(106c) Sil-3, Sil-2, and Unicorns (There Is a High Probability Your SIL 2 and SIL 3 SIFs Have No Better Performance Than SIL 1)

Safety Instrumented System (SIS) standards improved the definition of interlocks and introduced requirements for improved management systems to enforce independence from other Independent Protection Layers (IPLs). SIS standards require verification that the performance of each Safety Instrumented Function (SIF) will be met during its lifetime; where the performance criteria is documented as the target Safety Integrity Level (SIL) or risk reduction factor for the SIF. The SIL is in turn tied to specific values of probability of failure on demand (PFD). The current SIS standards and the TR (Technical Reports, from ISA) that explain how to do SIL Verification calculations do not include accounting for specific human error probabilities -- this is a major deficiency as even the probability of a single human error can be much larger than the target PFD of 0.001 for a SIL 3 and a little larger than the PFD 0f 0.01 for a SIL 2. While the SIL Verification methods outlined in the standards and technical reports like ANSI/ISA TR84.00.02 facilitate consistency for the component-only failure rates, as user companies seek to obtain greater risk reduction from their SIS to satisfy their corporate risk criteria, failure to adequately address potential systematic failures can lead to overly optimistic results and a misallocation of resources intended to reduce risk

This paper shows that specific human error during testing, calibration maintenance, and restoration of a SIF dominate the true PFD of the SIF, for SIL 2 and SIL 3 designs.
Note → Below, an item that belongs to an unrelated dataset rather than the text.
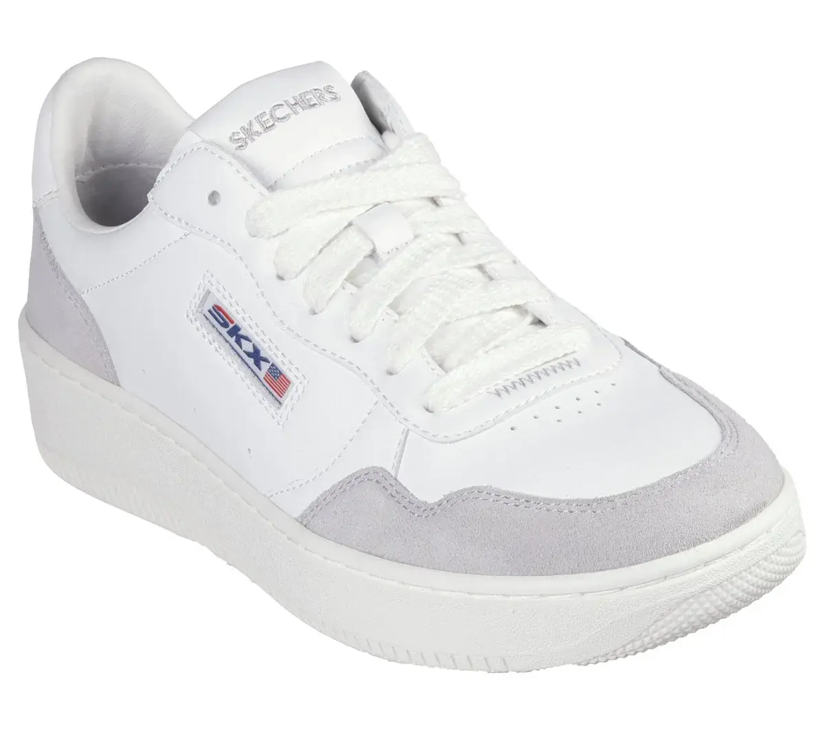 Casual modern style and comfort combine in Skechers Sport Court 2.0 – On The Block. Featuring a sleek court silhouette, this lace-up boasts a duraleather and suede upper, complemented by a cushioned Skechers Air-Cooled Memory Foam® insole.

Unless the human errors are accounted for and then compensated for, it is more likely to find a Unicorn than to actually get two or three orders of risk reduction from SIL 2 and SIL 3 SIFs.

Example methods for human error analysis related to a SIS are provided as well as some proven approaches for controlling human factors. It also discusses ways to prevent or else detect and recover from errors made in redundant channels (such as used in 1oo2, 1oo3, or 2oo3 voting).